(SOURCE DATA):
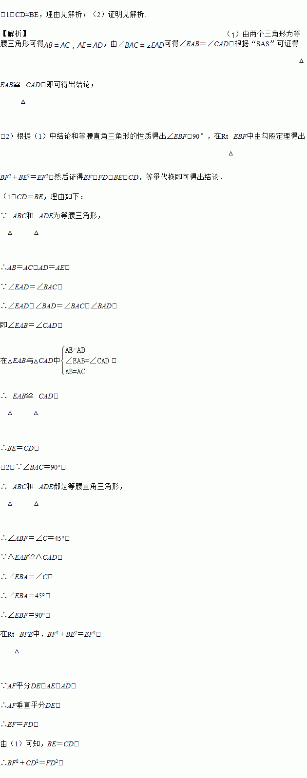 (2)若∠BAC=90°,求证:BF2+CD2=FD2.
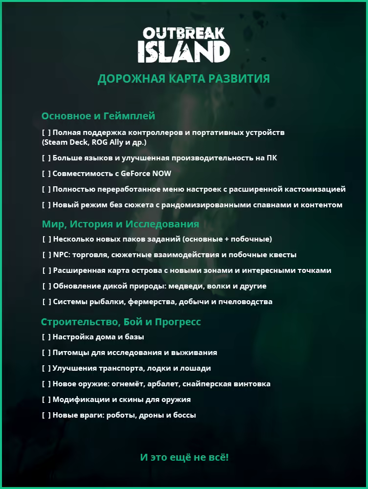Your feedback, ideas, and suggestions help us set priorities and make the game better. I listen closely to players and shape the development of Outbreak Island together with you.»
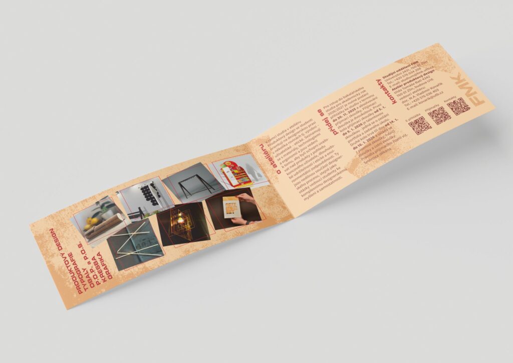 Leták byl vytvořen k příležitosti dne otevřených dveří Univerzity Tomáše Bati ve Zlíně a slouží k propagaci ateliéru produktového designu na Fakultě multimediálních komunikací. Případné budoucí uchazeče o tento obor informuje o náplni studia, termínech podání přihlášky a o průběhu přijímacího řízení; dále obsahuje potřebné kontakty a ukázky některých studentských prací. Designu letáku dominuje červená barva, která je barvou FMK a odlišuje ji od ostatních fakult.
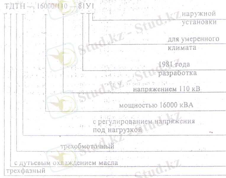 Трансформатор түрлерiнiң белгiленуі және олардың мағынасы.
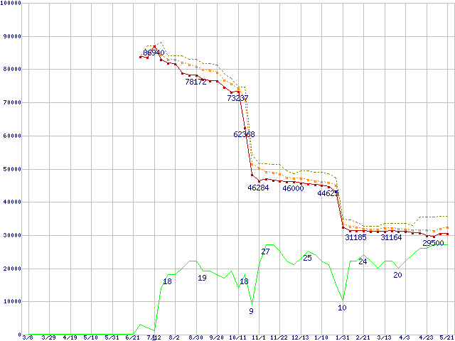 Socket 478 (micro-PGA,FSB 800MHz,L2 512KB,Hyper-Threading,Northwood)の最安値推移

(DIRECTIONS FOR THIS TASK): Pick up at the line that holds "Your feedback, ideas, and" and restate each line, word for word, through the last line of the entries. Include both end lines but none of the pictures.

(YOUR RESPONSE):
Your feedback, ideas, and suggestions help us set priorities and make the game better. I listen closely to players and shape the development of Outbreak Island together with you.»
 Leták byl vytvořen k příležitosti dne otevřených dveří Univerzity Tomáše Bati ve Zlíně a slouží k propagaci ateliéru produktového designu na Fakultě multimediálních komunikací. Případné budoucí uchazeče o tento obor informuje o náplni studia, termínech podání přihlášky a o průběhu přijímacího řízení; dále obsahuje potřebné kontakty a ukázky některých studentských prací. Designu letáku dominuje červená barva, která je barvou FMK a odlišuje ji od ostatních fakult.
 Трансформатор түрлерiнiң белгiленуі және олардың мағынасы.
 Socket 478 (micro-PGA,FSB 800MHz,L2 512KB,Hyper-Threading,Northwood)の最安値推移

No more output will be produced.